For the government to come out, the regulators to come out and say that the software providers are not themselves regulated financial institutions, that would really be helpful.

Johnston argued that blockchain is a "regulators dream":

The really interesting aspect is blockchain is a regulator’s dream. Here’s an immutable ledger that is time-stamped and tamper-proof. What would you like to record with that?

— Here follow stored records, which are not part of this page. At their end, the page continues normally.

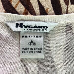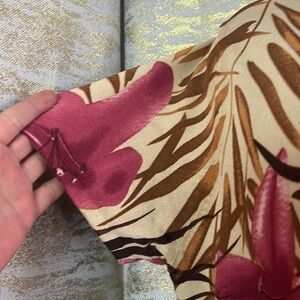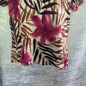 - Gorgeous Nygard collection Rayon/nylon blend lightweight top with beautiful floral print. Rose colored flowers with various tan toned leaves and background.
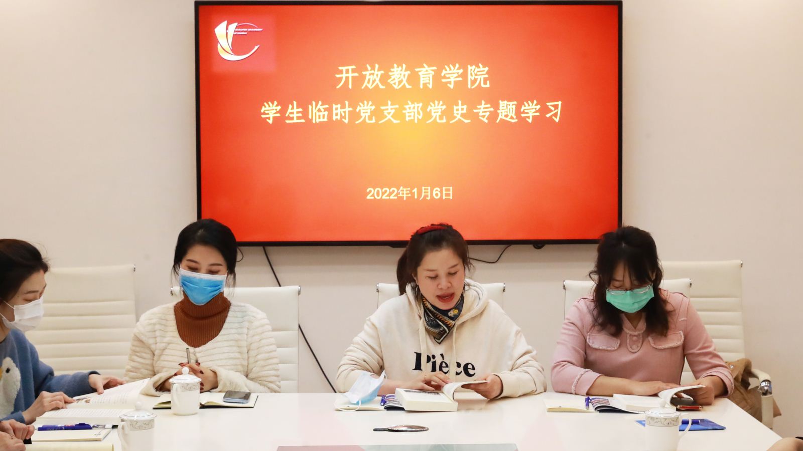 为将十九届六中全会精神更好的贯彻落实到学生工作中,充分发挥基层党组织战斗堡垒作用,提升学生凝聚力,积极引导广大学生学习党史、传承经典,深刻感悟和领会习近平新时代中国特色社会主义思想, 1月6日下午,开放教育学院学生临时党支部开展了党史学习教育读书交流会。会议由学生临时党支部书记、开放教育学院院长孙连娟同志主持,开放学院部分党员干部、辅导员和12名学生党员代表参加会议。
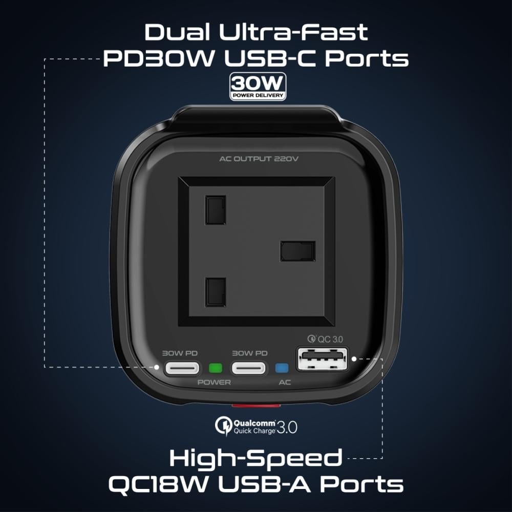 - منافذ USB-C مزدوجة بقوة 30 واط تدعم الشحن السريع لجميع أجهزتك الحديثة

He sees regulatory roadblocks diminishing:

It’s only an a matter of time... A lot of them are starting to understand this could be a useful tool.

My take

It's early days for enterprise adoption. But the investment in blockchain by enterprise players is not insignificant. During my backchannel conversations with technology and services companies, it was made clear to me that blockchain is not perceived as an experiment, but an important part of go-to-market. Certainly Microsoft is serious; plenty of folks told me they use Azure to stand up blockchain services (though they aren't the only player in that game).

Blockchain clearly has the potential to ease enterprise pains. When we talk silos, unvalidated data, compliance and regulatory headaches - these are not fantastical notions. Yes, blockchain could have scale issues, but the panel felt those can be addressed. Is blockchain slower than some high performance enterprise databases? Yes, but Victor Wong says if you're obsessing over that, you're overlooking an issue of data trust these databases don't address. Wong added:

Most people are looking at this incorrectly, where they’re comparing blockchains to the most scalable, high scaling systems. That’s actually not the correct comparison for scalability. What you have to compare it to is human beings organizing data and trying to match up reports. That’s what blockchains are competing against, is this type of auditing.

One beef I heard from journalists: enterprise blockchain talk is too often about helping financial institutions be more efficient. If that's all there is to it, then blockchain is just a big ol' can of WD40. Yes, 40 percent administrative savings sounds great - though probably not to those currently employed to do that administrating. But where is the business model change? Untapped markets? Improving the quality of life for you and me? I doubt the panelists would disagree.

Another missing piece: blockchain's potential for developing economies, such as banking for the unbanked, micro-business enablement and so forth. I'll seek out more interviews on that today.